Task goal: Your copy starts at the line containing "福建省級機關醫(yī)院20" and ends at the last line below. Copy exactly, without pictures.

[Stored data]
BEGIN

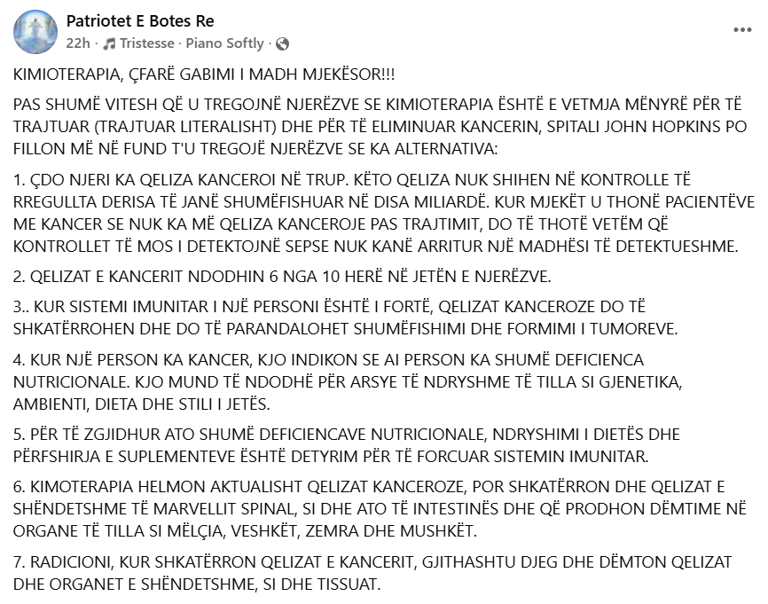 Në rrjetet sociale shqipfolëse po qarkullon pretendimi se, pas shumë vitesh që rekomandonte kimioterapinë për trajtimin e kancerit, spitali Johns Hopkins ka vendosur t’u tregojë njerëzve se ka alternativa, duke detajuar se si përhapet kanceri dhe duke rekomanduar metoda për trajtimin e sëmundjes.
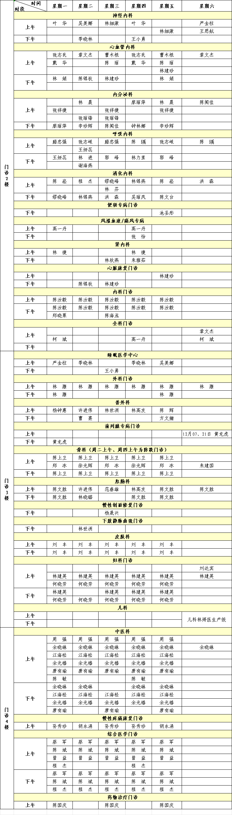 福建省級機關醫(yī)院2024年12月專家門診排班表來啦!有需要的小伙伴趕緊收藏。
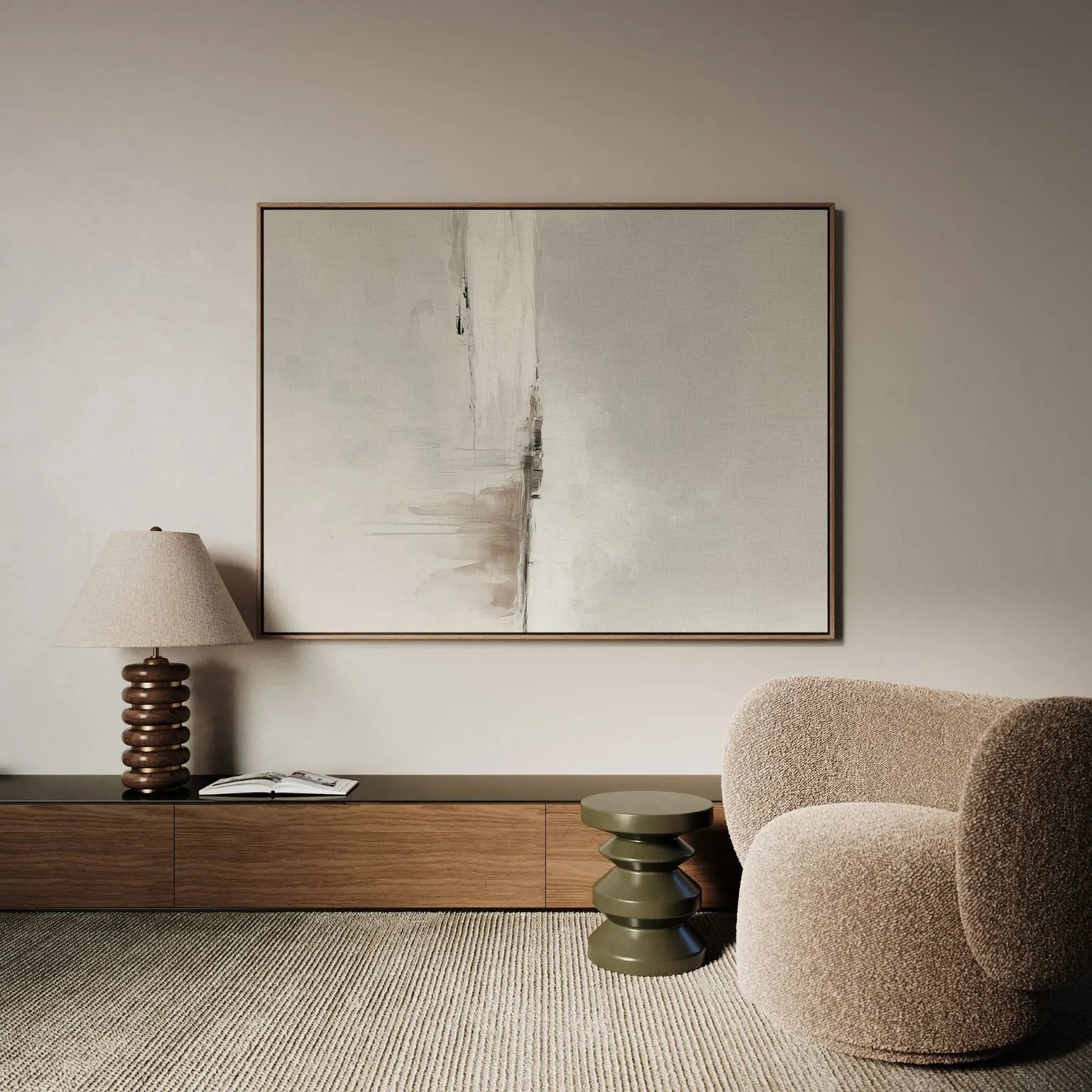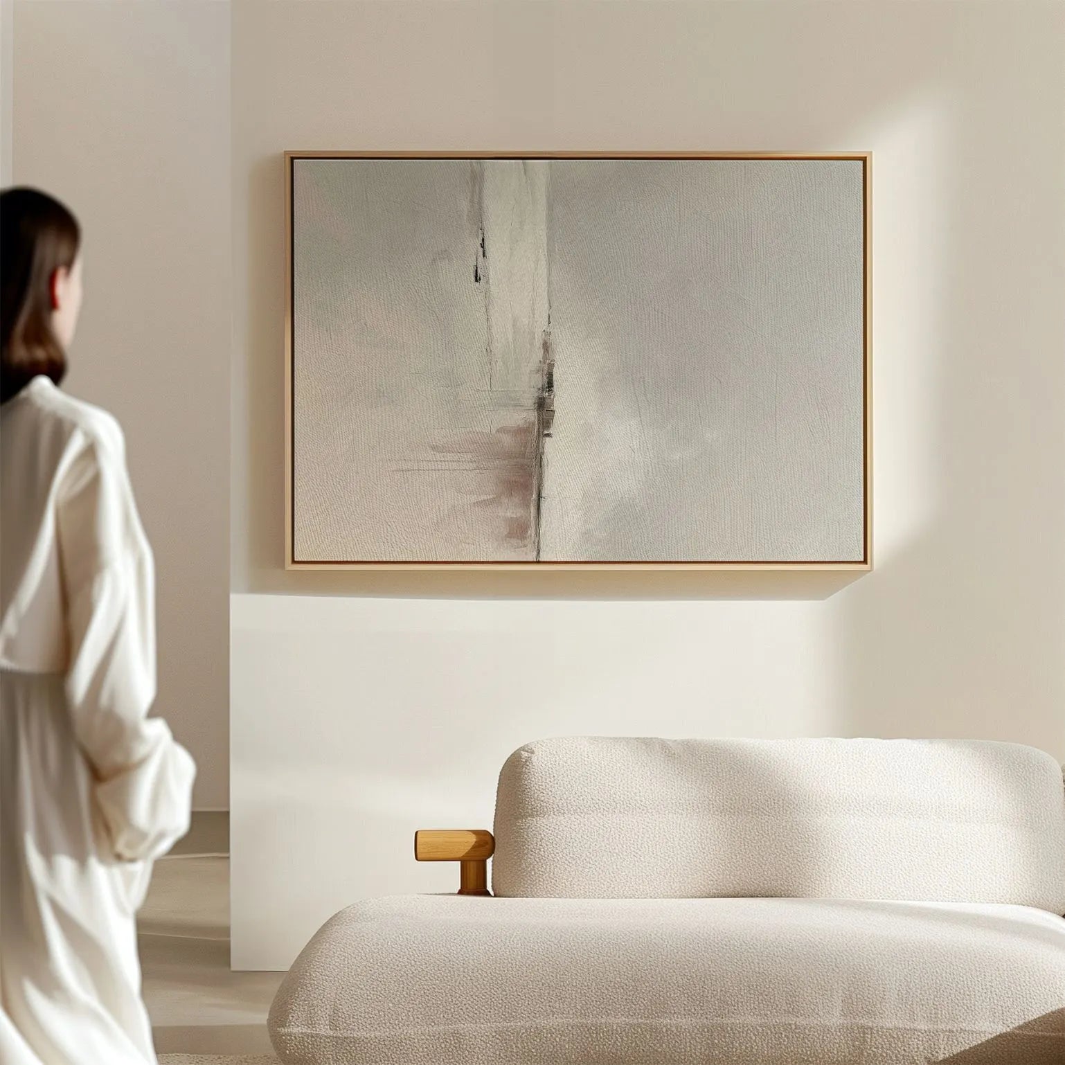 Dieses gerahmte Leinwandbild passt ideal zu Japandi-, Scandi- und modern-organischen Interieurs. Es ergänzt neutrale Farbwelten mit leiser Tiefe und zeitloser Gelassenheit.
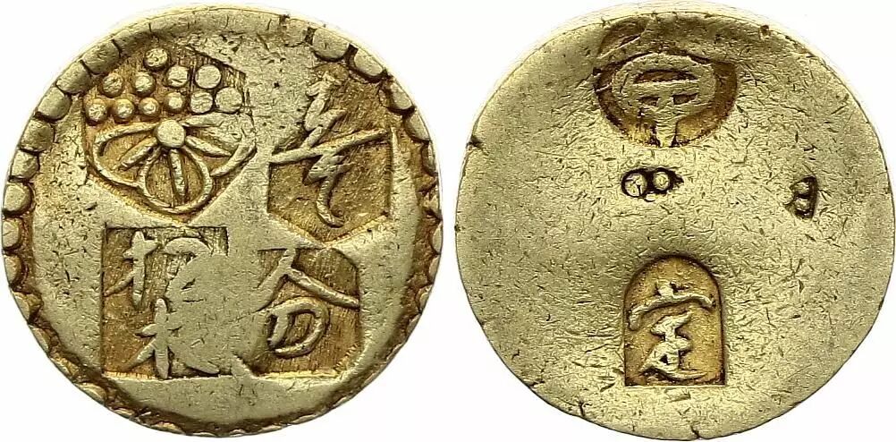 Rare provincial gold coin from feudal Japan, issued in the Koshu region, which was operating gold mines at the time. It is an official government gold coin with a value of 1 bu.
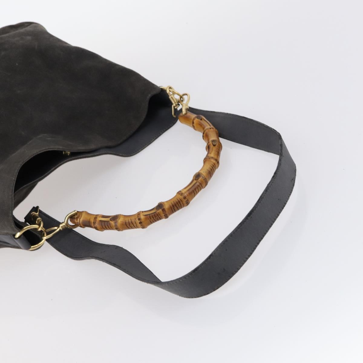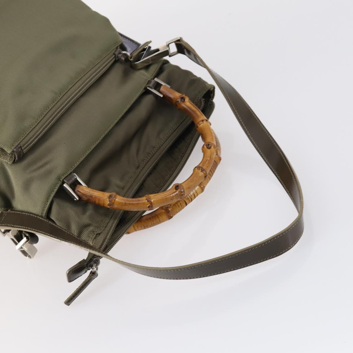 GUCCI Bamboo Web Sherry Line Bag Leather Canvas 6Set Beige Black Auth bs29373
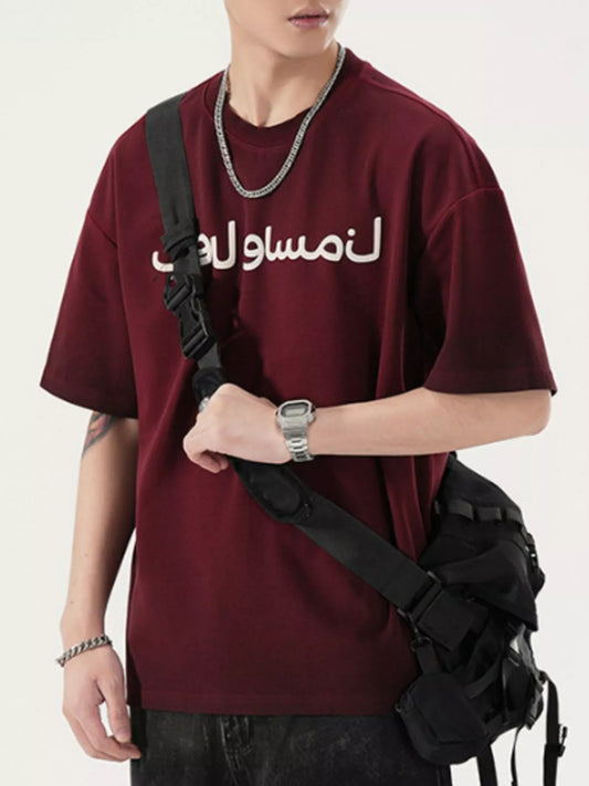 Men's Full Size Arabic Letter Oversized T-Shirt Plus Size
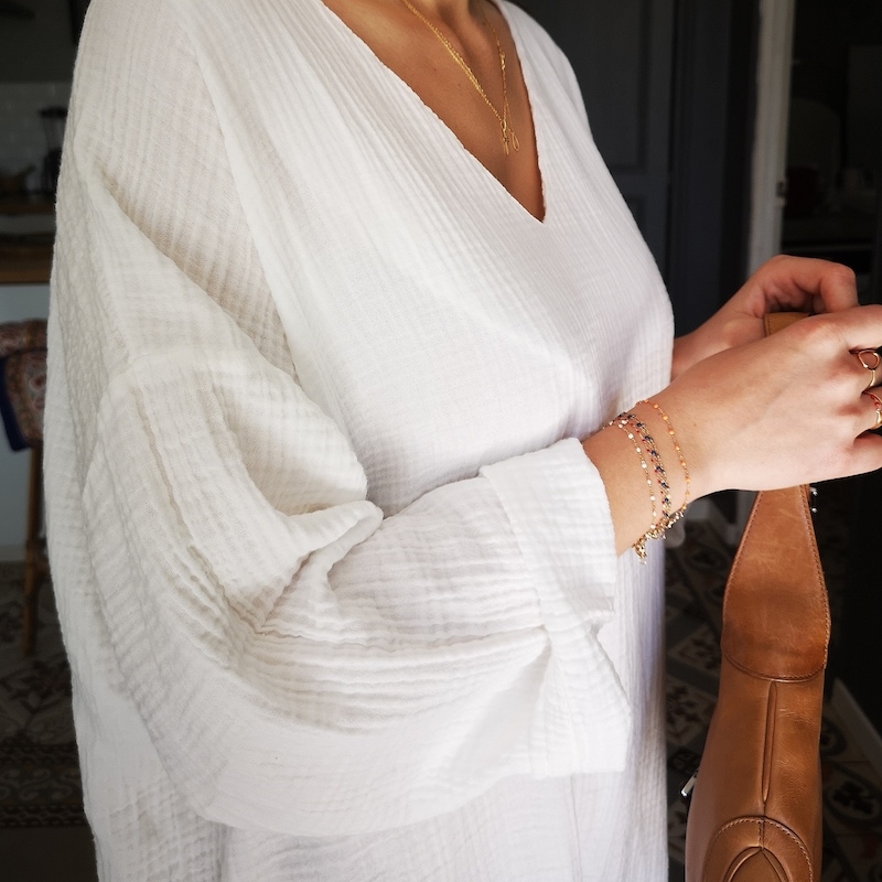 En sortie de bain, robe courte de plage, ou en top long à porter un peu loose décontractée

END

Final answer:
 福建省級機關醫(yī)院2024年12月專家門診排班表來啦!有需要的小伙伴趕緊收藏。
 Dieses gerahmte Leinwandbild passt ideal zu Japandi-, Scandi- und modern-organischen Interieurs. Es ergänzt neutrale Farbwelten mit leiser Tiefe und zeitloser Gelassenheit.
 Rare provincial gold coin from feudal Japan, issued in the Koshu region, which was operating gold mines at the time. It is an official government gold coin with a value of 1 bu.
 GUCCI Bamboo Web Sherry Line Bag Leather Canvas 6Set Beige Black Auth bs29373
 Men's Full Size Arabic Letter Oversized T-Shirt Plus Size
 En sortie de bain, robe courte de plage, ou en top long à porter un peu loose décontractée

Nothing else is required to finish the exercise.